As individuals age, they commonly experience physical challenges that can hinder their mobility and participation in medical care. Poor vision, hearing impairments, and limited movement among older adults make accessing health information and utilizing digital tools or the internet for medical services difficult. This group often faces barriers to accessing healthcare resources, which can impact their overall well-being.

Participant 10, aged 63, holds a diploma and is a housewife living with her children

"I have been living with Parkinson's disease for several years now, and unfortunately, my condition is progressing. I have a strong desire to go to the park, but I am unable to do so alone. I require constant companionship and assistance. Fortunately, my daughter lives with me, and she takes care of all matters related to my medication, doctor appointments, monitoring my condition, and ensuring I have proper nutrition.

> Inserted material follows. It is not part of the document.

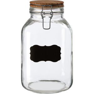 The jar is made from clear glass and is ideal for storing a variety of dried foods. A black chalkboard label on the front adds to the vintage design and adds to its versatility. The lid is made from solid wood and has a light brown colour with a bold grain.
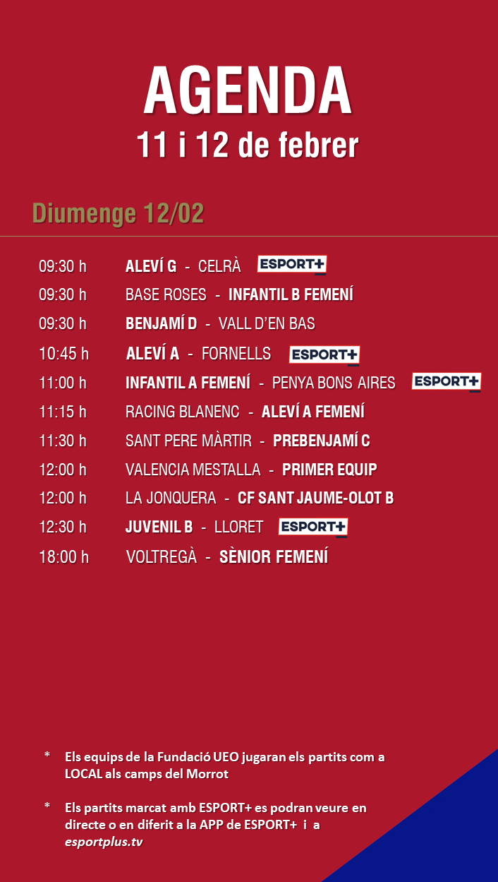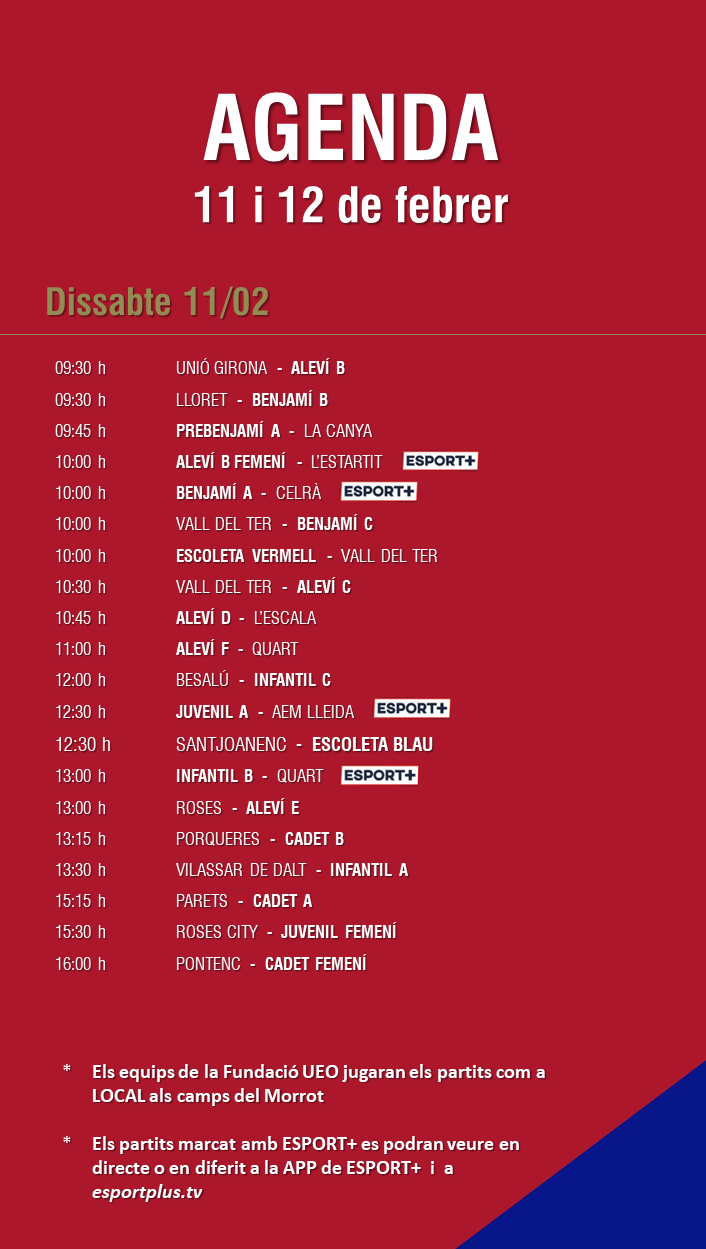 L’agenda de partits al FUTBOL BASE (11 i 12 febrer) 07 febr. 2023Oriol Boix BufiasFutbol BASE, Notícies, Futbol FEMENÍ, Escola de FUTBOL, SECCIONS, General, Actualitat, Destacat0

Lack of means/skills to use digital technology

Digital technology serves as a primary source of information and resources across various domains, including health, news, entertainment, and more. Lack of access to these resources deprives older adults of valuable information and benefits. Participants in this research identified challenges such as the inability to access the internet, difficulty using mobile applications, and struggles with digital health measuring devices. Simplifying the use of digital devices and providing training on device and software usage can be effective solutions to empower older adults in this area.

Participant 11, aged 69, has a primary education and is a housewife living with her husband

"My phone is one of those simple phones. I only use it to call my children. I have no knowledge about the internet and such things. We have a fever monitor, a blood pressure monitor, and some devices for measuring blood sugar at home, but I am unsure how to use them".

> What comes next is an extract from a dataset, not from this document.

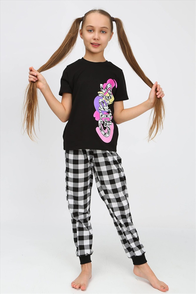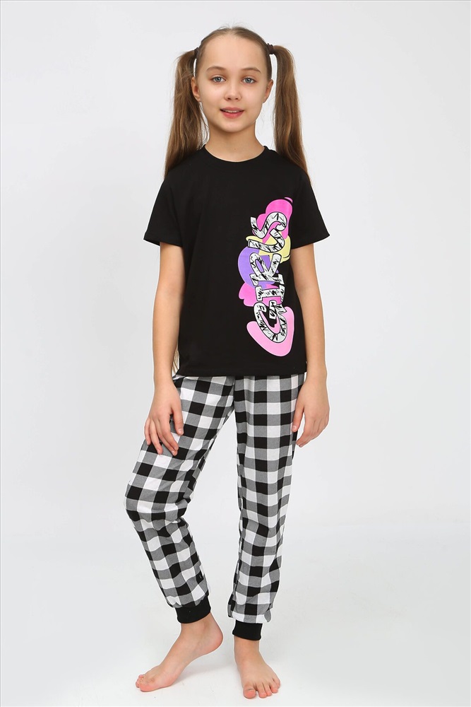 ID товара: 885619 Состав: 100% Хлопок Сезон: Демисезон Длина: Полная Фасон: Прямой Рукав: Длинные Декоративные элементы: Принт Основная ткань: Хлопок | Кулирка Страна бренда: Россия Страна производства: Россия Пижама детская, состоящая из джемпера и брюк. Джемпер прямого силуэта, с втачным длинным рукавом. Горловина круглая обработана воротником из рибаны. На полочке принт шелкография. Брюки прямого покроя, из набивного полотна. По низу изделия манжеты из рибаны. Комментарии к товару
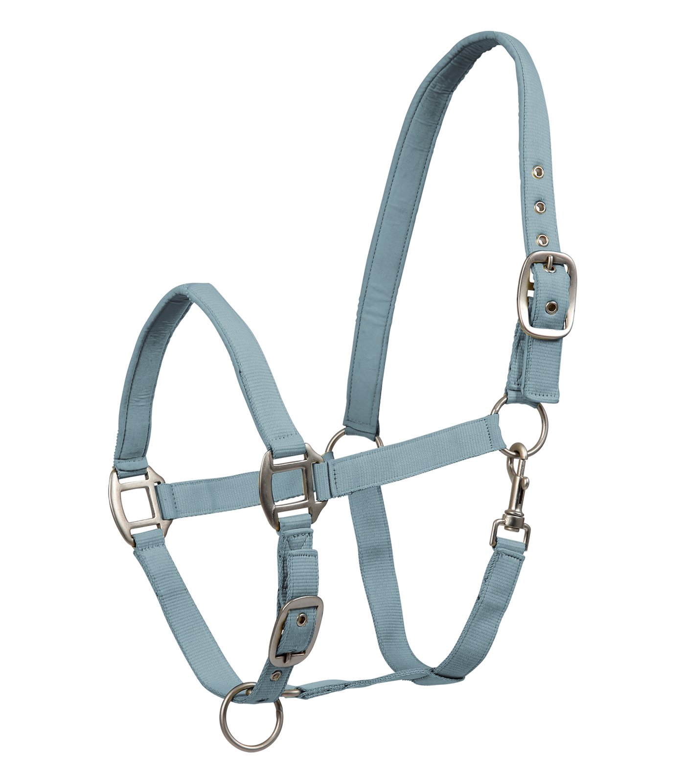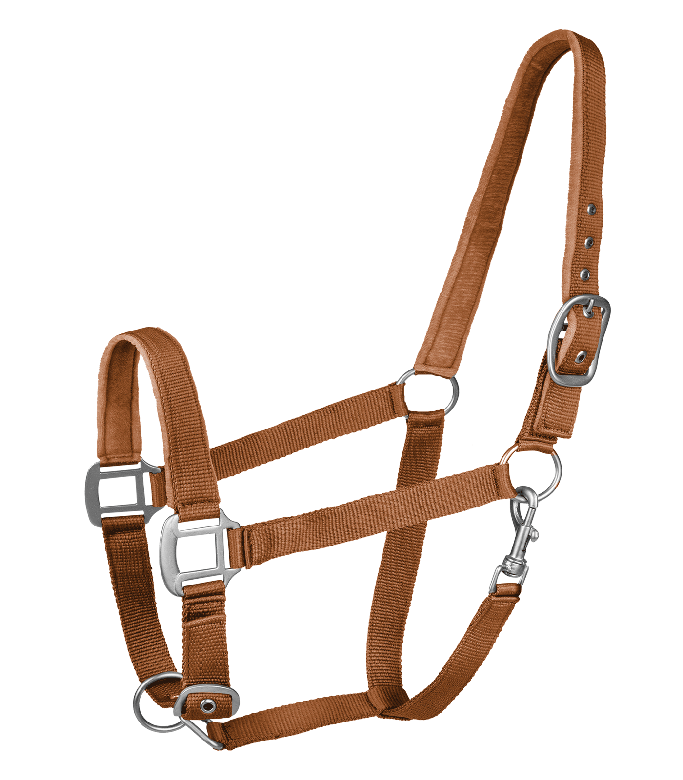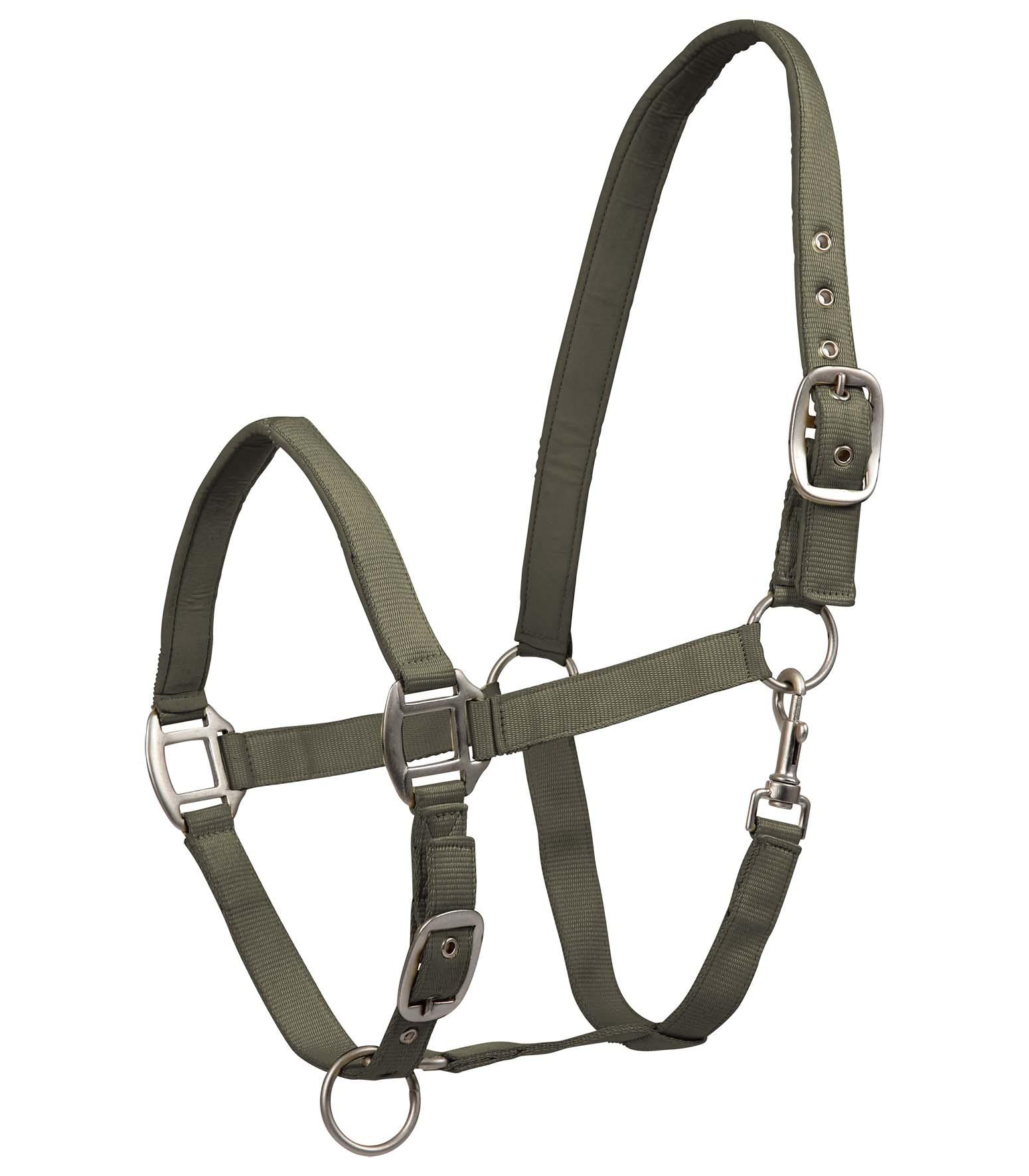 Licol doublé doux ajustable. Bouclerie mate robuste. Nous recommandons les longes de licol assorties 5002 et 5006.

Participant 12, aged 72, with secondary education, is retired and lives alone

"I have installed several applications on my phone, but I don't use them much. It's not very convenient for me, even though they explained how to use them before. I still don't know much about them. Instead, I mainly read a series of articles about health, skincare, and similar topics on Instagram and Telegram channels".

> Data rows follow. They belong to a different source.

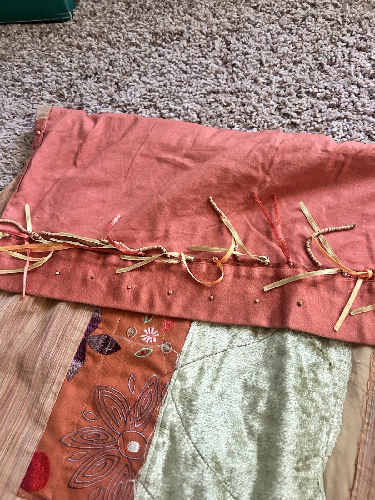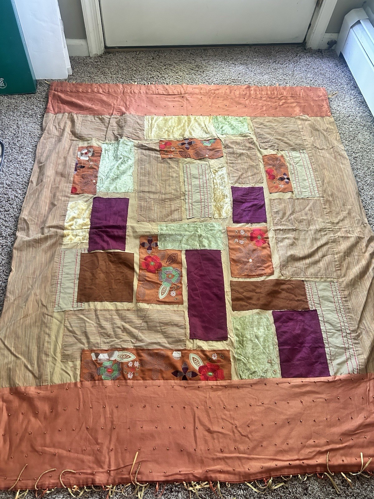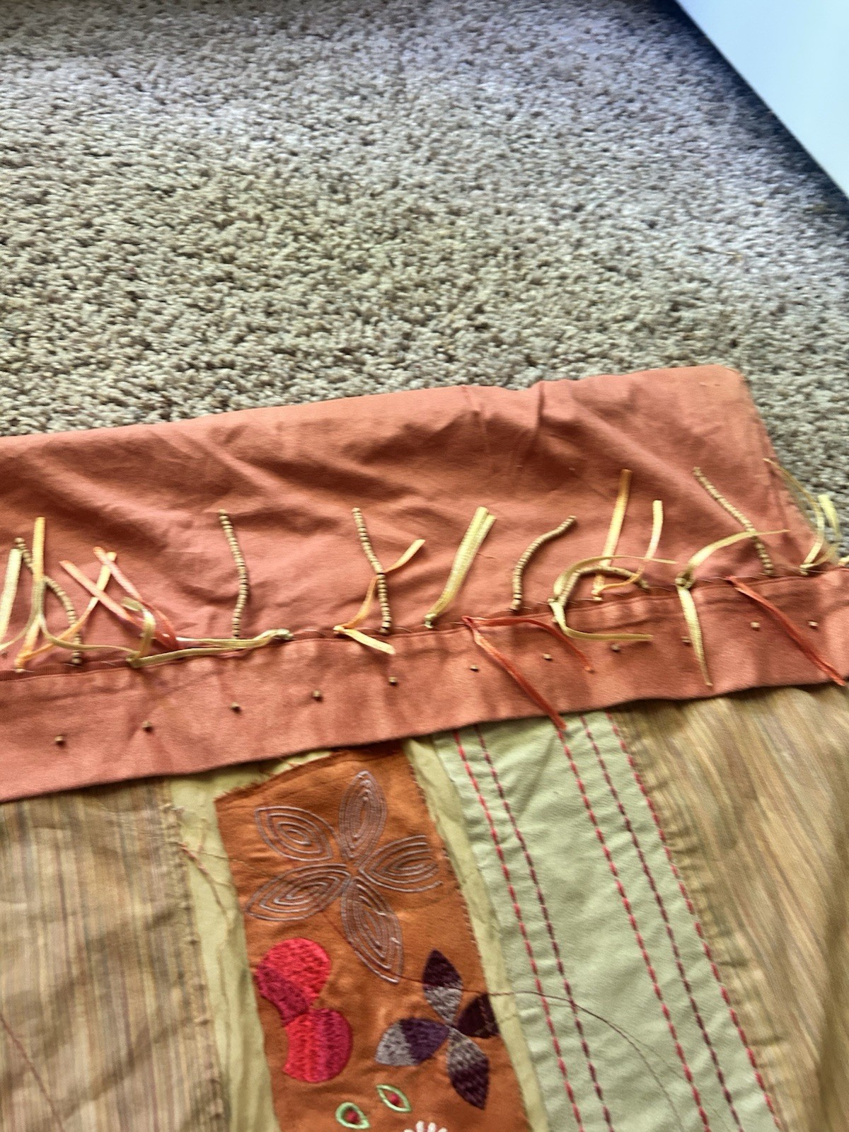 This Vintage Pier One throw / drapery is a stylish and decorative addition to any room in your home. I think it’s Made from a cozy cotton blend in a multicolor design it does have a place where u could put a tfew d through so i am saying its a throw but i believe its a drapery panel . Perfect for adults looking to add a boho touch to their living space, this throw combines functionality with a touch of vintage charm from Pier 1. Ideal for adding warmth and flair to your home décor.
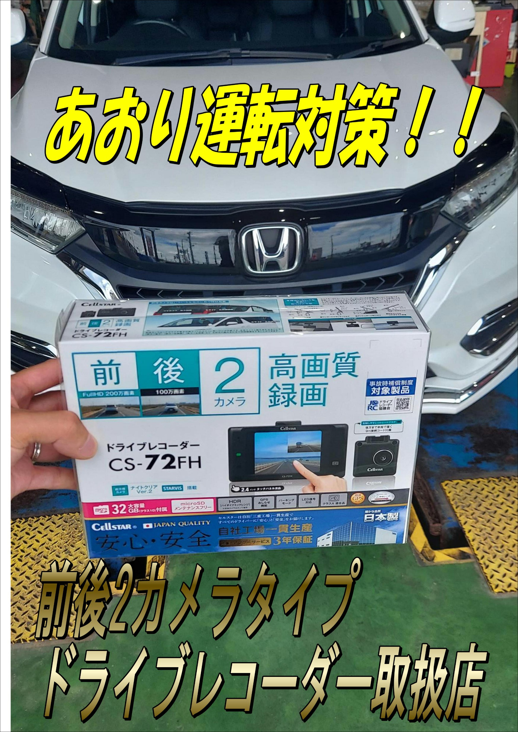 あおり運転対策!! ドライブレコーダーお取り付け セルスター前後2カメラタイプ
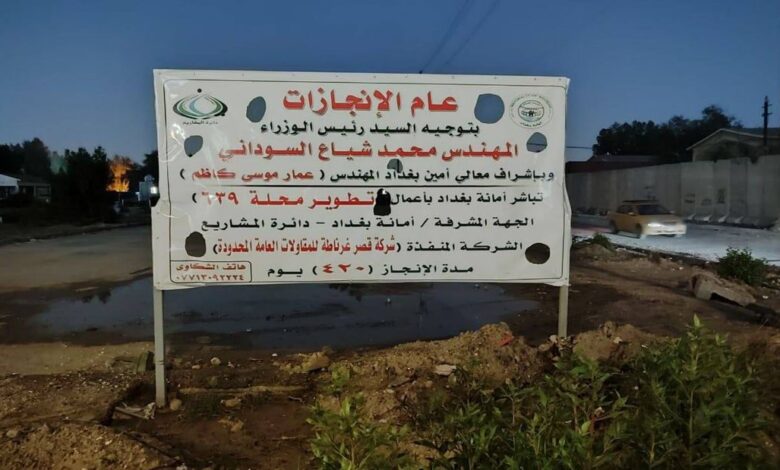 وأضاف:”على الرغم من وجود لافتة تشير إلى قرب مباشرة أمانة بغداد بأعمال تطوير محلة 639، ضمن “عام الإنجازات” كما هو مثبت عليها، إلا أن هذا الحي لم تبدأ فيه الحملة المرتقبة التي انتظرها الأهالي كثيراً، لدرجة أن موجة الأمطار الأخيرة بينت ما يعانيه حي الخضراء من حالة متردية لشوارعها وأزقتها المليئة بالحفر والتخسفات”.
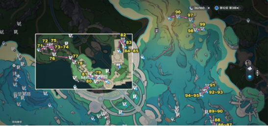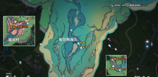 该区域特产共计114个,其中99个可通过野外采集获得。建议沿枫丹廷西北海岸线展开地毯式搜索,潮汐变化区域需注意水位变化规律。特殊标记点解析:牛头图标代表单个产出点,叹号标记有双倍产出,六角星位置可获取3个,鸡腿标记点则有4个集中产出。

“Seniors on the margin of digital health literacy”

The core category is created in the selective identification process. The core category includes the main theme of the research, it is separate from other research categories, and it includes all concepts and categories [28] In this research, the core category"Seniors on the margin of digital health literacy"was chosen, which is the main focus of the research. This category shows the presence of older adults on the margin of digital health literacy. It indicates the vulnerability and challenges of this group of society in the era of technological and medical advances.

The categories obtained in this research can be shown in a paradigm diagram as follows Fig. 1.

Fig. 1
figure 1

Extracted Paradigm model according to grounded theory for Seniors on the margin of digital health literacy (Self-compilation)

Discussion and conclusion

The world population is rapidly aging. It is predicted that the proportion of people aged 65 and above will increase from 9% in 2019 to 16% in 2050, meaning that one out of every six people in the world will be 65 years or older [29].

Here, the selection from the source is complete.